RoboFarming.com

Agrobots

RoboFarming.com Hypertechnological innovation has always underpin American agriculture. In the later half of the 1800s, for instance, flotillas of proto-steampunk dredge boats plowed through the Illinois landscape, carving canals, straightening rivers and re-knitting its embryonic, post-glacial hydrology, their lived-in land-sailors draining and transforming the weedy, swampy, supposedly pestilential swat of the American prairie into the most productive landscape in the world.

More recently, a new form of agricultural practice has been developed. Called precision farming, this entails using aerial and satellite imagery, global positioning systems (GPS), sensors and information management tools (GIS) to help farmers better manage their croplands. Where might blogging, RSS feeds and MySpace fit in, it isn’t quite clear.

Agrobots

Now we learn, from an article published by Wired and another by the Associated Press, that troops of robotic harvesters are being readied to invade the orchards and vegetable fields of California and, presumably, other important growing regions in Florida and Hawaii.

Agrobots

From the AP article:

Mechanized picking wouldn’t be new for some California crops such as canning tomatoes, low-grade wine grapes and nuts.

But the fresh produce that dominates the state’s agricultural output – and that consumers expect to find unblemished in supermarkets – is too fragile to be picked by the machines now in use.

The new pickers rely on advances in computing power and hydraulics that can make robotic limbs and digits operate with near-human sensitivity. Modern imaging technology also enables the machines to recognize and sort fruits and vegetables of varying qualities.

Wired goes into more details. At an orange orchard, for example, “two robots would work as a team: one an eagle-eyed scout, the other a metallic octopus with a gentle touch. The first robot will scan the tree and build a 3-D map,” after which “it has to evaluate each piece of fruit. What size is the orange? What color is it? Does it have black spots on it?”

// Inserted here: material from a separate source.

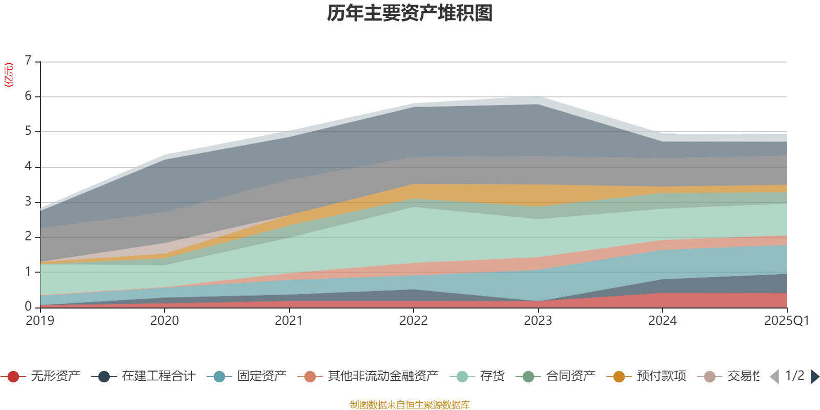 资产重大变化方面,截至2025年一季度末,公司在建工程合计较上年末增加39.83%,占公司总资产比重上升3.19个百分点;合同资产较上年末减少27.87%,占公司总资产比重下降2.53个百分点;货币资金较上年末减少16.45%,占公司总资产比重下降1.53个百分点;预付款项较上年末增加16.56%,占公司总资产比重上升0.62个百分点。
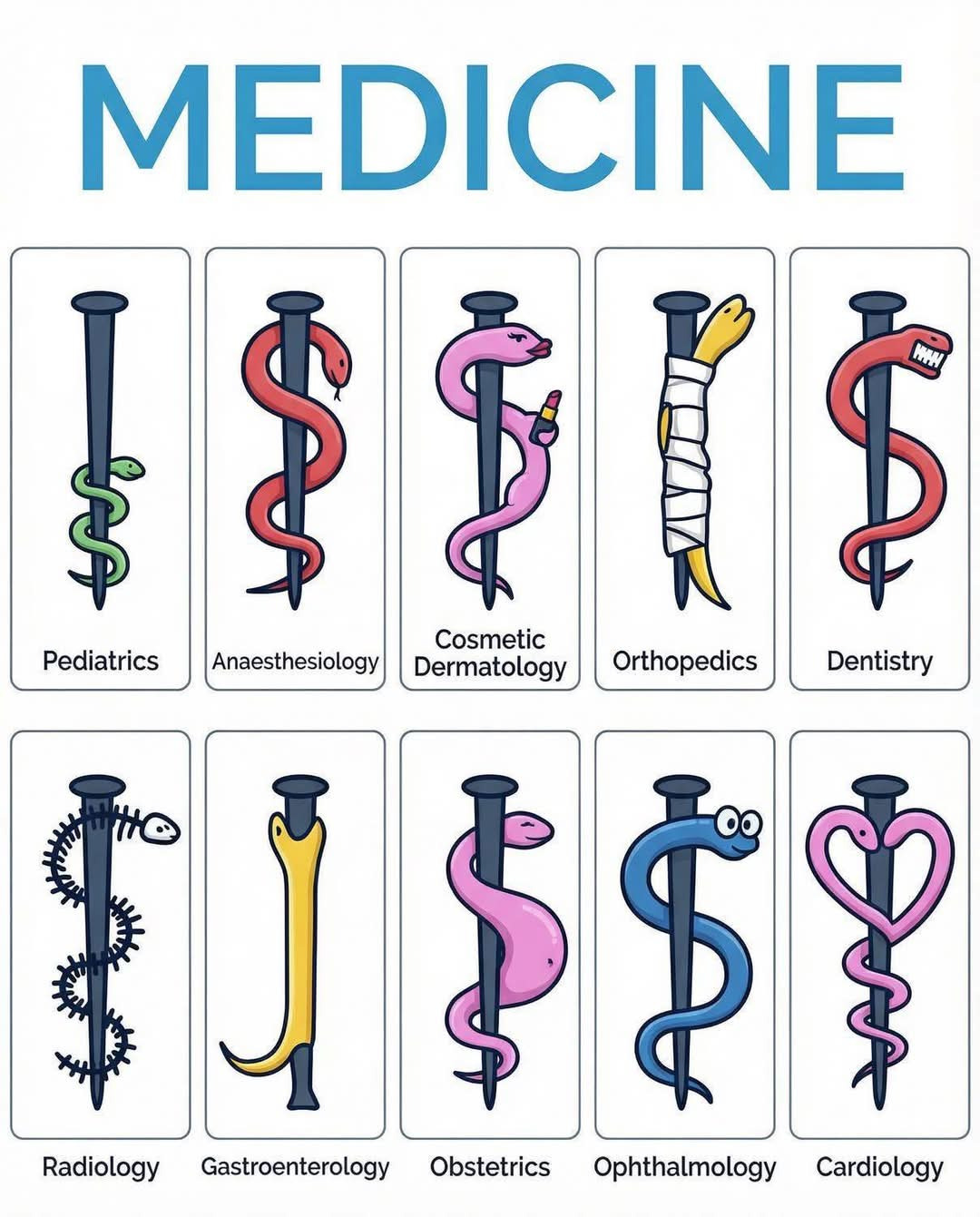 Entirely different things, and I think the meme actually correctly corresponds to orthopedics. It’s a pediatric specialty, and unfortunately, most of the treatments are some form or another of restraining body parts so they grow straight. Hence the snake tied to the rod in order to remain straight instead of wrapping and slithering around.

With the needed data collected, the scout robot will then determine “the best order in which to pick them. It sends that information to the second robot, a harvester that will pick the tree clean, following a planned sequence that keeps its eight long arms from bumping into each other.”

Agrobots

If we forgo the important issues of migrant labor, illegal immigration, social justice and even globalization, which the creation and deployment of these machines touch upon, we are left to wonder what would happen, assuming they are networked to the interweb, if they were hacked?